Confessional Calvinist denomination in Japan

The Reformed Church in Japan is a confessional Calvinist denomination in Japan. It was formerly a member of the World Communion of Reformed Churches, but it chose to suspend its membership.

== Origin ==
The Reformed Church in Japan was formed in 1946 in Tokyo. Before Japan entered World War II, all Protestants were forced to unite in one church, the United Church of Christ in Japan. Some congregations with Calvinist background left this denomination to form the Japan Reformed Church. The Christian Reformed Church in North America sent missionaries to support the new denomination. At that time the church had nine pastors and three elders. The Calvinist World Mission has planted two presbyteries and almost 50 new congregations since entering Japan in 1951. CRCNA focuses their efforts on the metropolitan Tokyo area, one of the largest metropolitan areas of the world. The church has now 220 congregations and 8,000-9,000 members.

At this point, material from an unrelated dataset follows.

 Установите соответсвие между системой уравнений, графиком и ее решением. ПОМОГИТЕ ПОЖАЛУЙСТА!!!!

The denomination is growing steadily. However, the congregations are small: the largest has about 210 members and the smallest has about 10 members. It affirms the Westminster Confession of Faith. Sister church relations with the Orthodox Presbyterian Church, the Presbyterian Church in Korea (Koshin), and the Reformed Church in the United States were established.
The Orthodox Presbyterian Church(USA) works with a presbytery of the Reformed Church in Japan in church planting and evangelism. The OPC provides a professor for the Kobe Theological Seminary.

== Structure ==
The church has five presbyteries, namely Northeastern, Shikoku, Western, Central and Tobochu.

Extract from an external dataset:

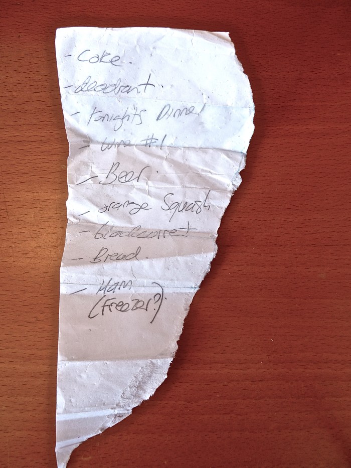 What else do we know? This list was taken from a spiral bound notepad which has been cut vertically. The list was written by more that one person, compare BLACK BAGS with Bananas, not only capitalisation but also a difference in the Bs.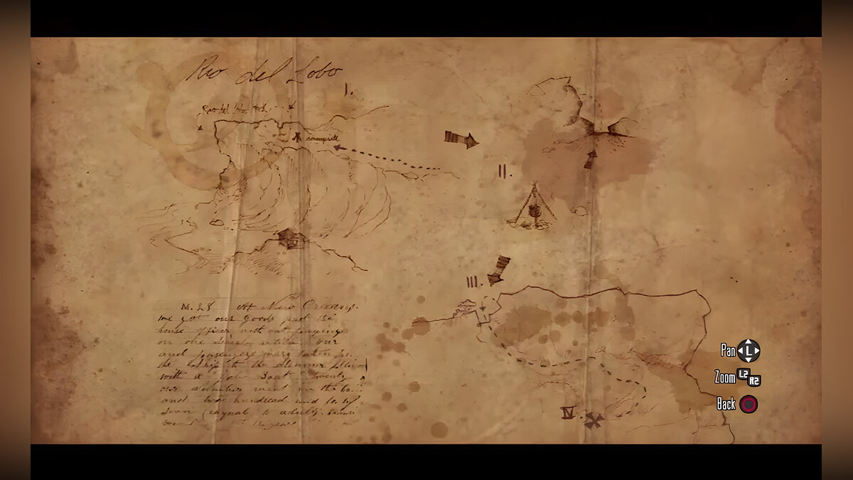 Head to Rio del Lobo to Del Lobo Rock. Moving south in this area, follow the main road that climbs to the river. When the road ends at a campsite, face the river to see a gap in the ridge marked on the treasure map. The treasure is located on the other side of the rock, on a ledge. To reach it, walk around the rock on the right, then keep to the left as you descend.

Northeast Presbytery includes churches in Kyoto, Osaka, Shiga, Hyogo, Nara, Wakayama, Fukui, Tottori, Shimane, Hiroshima, Yamaguchi, Fukuoka, Saga, Nagasaki, Kumamoto, Oita, Miyazaki, Kagoshima and Okinawa.

Shikoku Presbytery churches are in Tokushima, Kagawa, Ehime, Kochi and Okayama Prefecture.

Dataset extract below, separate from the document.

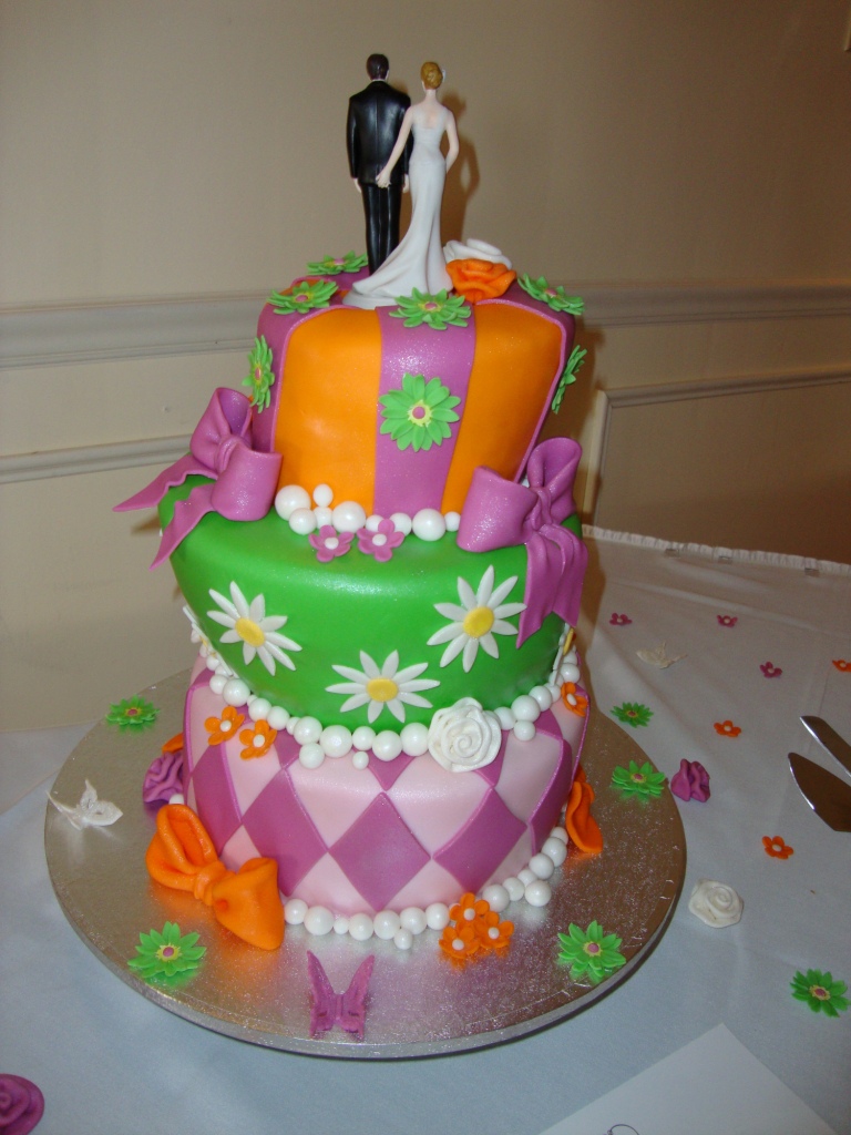 This fun and very colourful wedding cake "Christy" was created for a lovely couple whose wedding was nothing but a celebration of love, happiness and fun.

Central Presbytery has congregations in Gifu, Shizuoka, Aichi, Mie, Ishikawa, Fukui and Toyama.

Tobuchu Presbytery has congregations in Saitama Prefecture, Kanagawa Prefecture, Greater Tokyo Area, Tochigi Prefecture, Gunma Prefecture and Yamanashi Prefecture.

== Theology ==
In 2004, the denomination had presbyterian-synodal church government with four districts and a Synod. As of November 2014, the denomination allows for the ordination of women. Formerly the church was a member of the Reformed Ecumenical Council.
- Westminster Confession of Faith
- Westminster Larger Catechism
- Westminster Shorter Catechism

== Theological education ==
- Reformed Theological Seminary
- Reformed Theological Institute

== Interchurch relations ==
- Cooperation in mission: Christian Reformed Church in North America, Orthodox Presbyterian Church, PC(USA), Reformed Church in Africa, South Africa, Dutch Reformed Church in South Africa, Koshin Presbyterian Church in Korea
- Friendly relations: Christian Reformed Church in the Philippines, Christian Reformed Church in Myanmar, Christian Reformed Churches in the Netherlands, Reformed Churches in South Africa, Netherlands Reformed Congregations (in the US)
- Fellowship: Presbyterian Church in Japan, Church of Christ in Japan, Reformed Presbyterian Church of North America-Japan Presbytery,

The Reformed Church in Japan was a full member of the Reformed Ecumenical Council. It is an observer in the International Conference of Reformed Churches and the World Communion of Reformed Churches.